Consider a functional $j(f)$ defined over probability densities $f$ in $\mathbb{R}^n$, a lifting of $j$ is a functional $J(F)$ defined over probability densities $F$ in $\mathbb{R}^{n}\times \mathbb{R}^n$ satisfying the following two conditions:
1. For any two probability densities $f_1,f_2$ in $\mathbb{R}^n$ we have
\begin{align}
J(f_1\otimes f_2) = j(f_1)+j(f_2)
\end{align}
2. If $F$, a probability density in $\mathbb{R}^{2n} = \mathbb{R}^n\times \mathbb{R}^n$ has marginals $f_1$ and $f_2$, then
\begin{align}
J(F) \geq j(f_1)+j(f_2)
\end{align}
Lemma. If $J$ is a lifting of $j$, then with $f(t)$ and $F(t)$ as before we have \begin{align} 2\frac{d}{dt}_{\mid t=t_0}i(f(t)) = \frac{d}{dt}_{\mid t=0}I(F(t)) \end{align}
The Fisher information in $\mathbb{R}^n$ can be ‘‘lifted’’ to the respective Fisher information in $\mathbb{R}^{2n}$.

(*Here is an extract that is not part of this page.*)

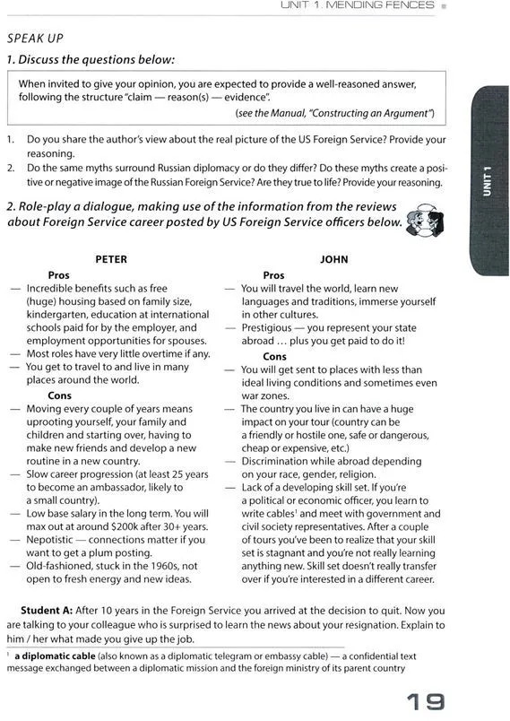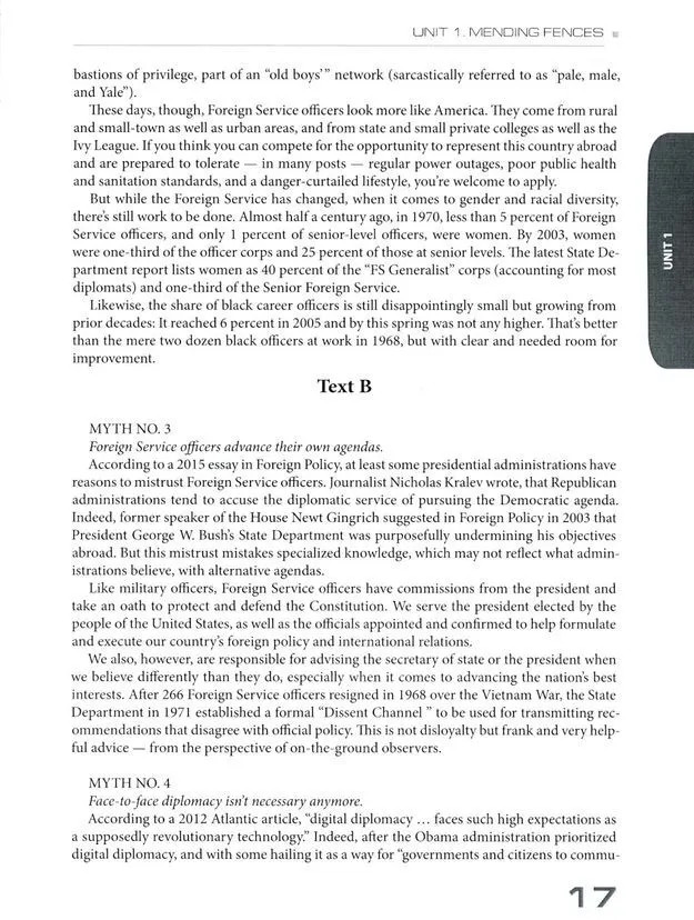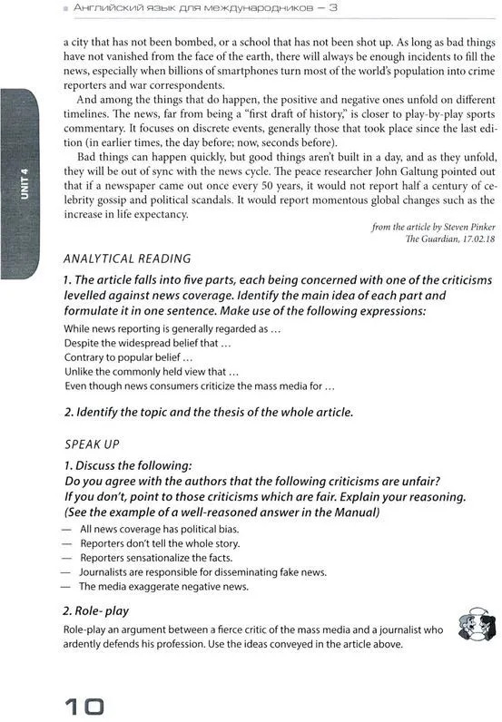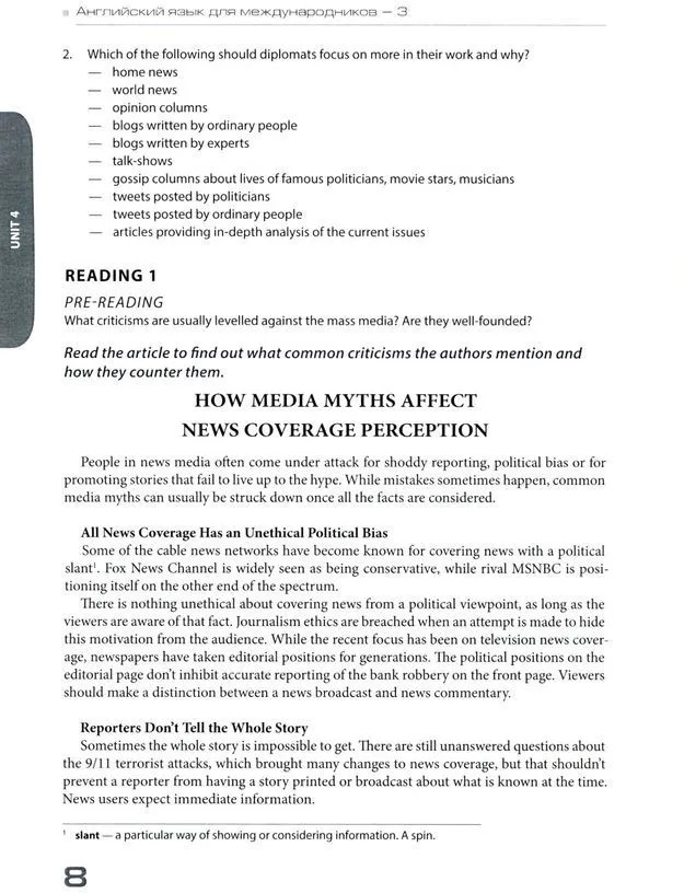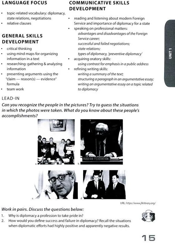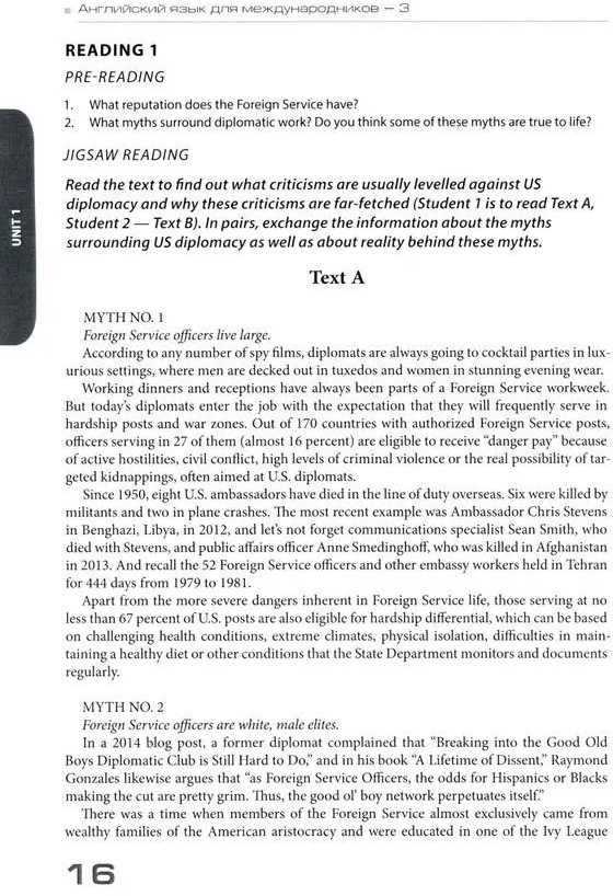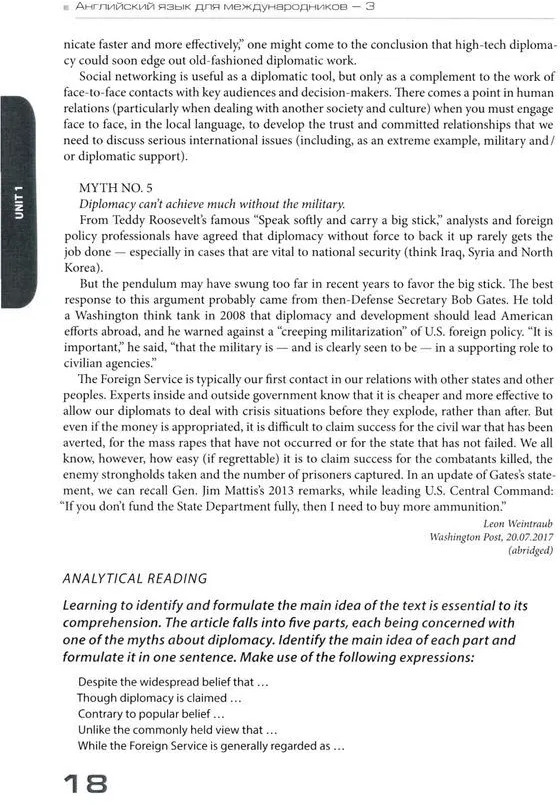 Учебник предназначен для комплексного развития коммуникативной компетенции, необходимой для обучения основам языка профессионального общения в сфере международных отношений, и направлен на развитие всех видов речевой деятельности: чтение, письмо, говорение, слушание. Учебник включает разнообразные задания на правильное словоупотребление, комбинаторику, словообразование, изучение английских фразеологизмов и поиск для них русских эквивалентов, а также коммуникативные задания (в различных формах диалогов, монологов, круглых столов), которые позволяют моделировать профессиональную деятельность специалистов-международников. Развитие профессиональной коммуникативной компетенции осуществляется в рамках таких предметно-лексических тем, как «Профессия дипломата. Задачи дипломатии в современном мире», «Публичные выступления. Язык дипломатии и политики», «Роль лидера в государстве. Лидерство в международных организациях», «Средства массовой информации: освещение новостей. Роль СМИ в международных отношениях», «Международные отношения и проблемы информационной безопасности». Для студентов бакалавриата факультета международных отношений МГИМО МИД России, обучающихся по направлениям «Международные отношения» и «Зарубежное регионоведение».

Lemma. The Fisher information in $\mathbb{R}^{2n}$ is a lifting of the Fisher information in $\mathbb{R}^n$.
Proof.(sketch)
First, we prove that
\begin{align}
I(f_1\otimes f_2) = i(f_1)+i(f2)
\end{align}
For this, note that if $F = f_1\otimes f_2$ then
\begin{align}
\log F(v,w) = \log f_1(v) + \log f_2(w)
\end{align}
and therefore
\begin{align}
|\nabla \log F(v,w)|^2 = |\nabla \log f_1(v)|^2+|\nabla \log f_2(w)|^2
\end{align}
Multiplying both sides by $F$, and integrating
\begin{align}
& \int_{\mathbb{R}^n}\int_{\mathbb{R}^n}|\nabla \log F(v,w)|^2F(v,w)dvdw \\
& = \int_{\mathbb{R}^n}\int_{\mathbb{R}^n}|\nabla \log f_1(v)|^2f_1(v)f_2(w)+|\nabla \log f_2(w)|^2f_1(v)f_2(w)\;dvdw.
\end{align}
The integral on the right is then the sum of two integrals that separate, and we have
\begin{align}
I(F) & = \left ( \int f_2(v)dv\right) i(f_1) + \left ( \int f_1(v)dv\right) i(f_2)
\end{align}
Since we are dealing with probability densities, this shows $I(F) = i(f_1)+i(f_2)$.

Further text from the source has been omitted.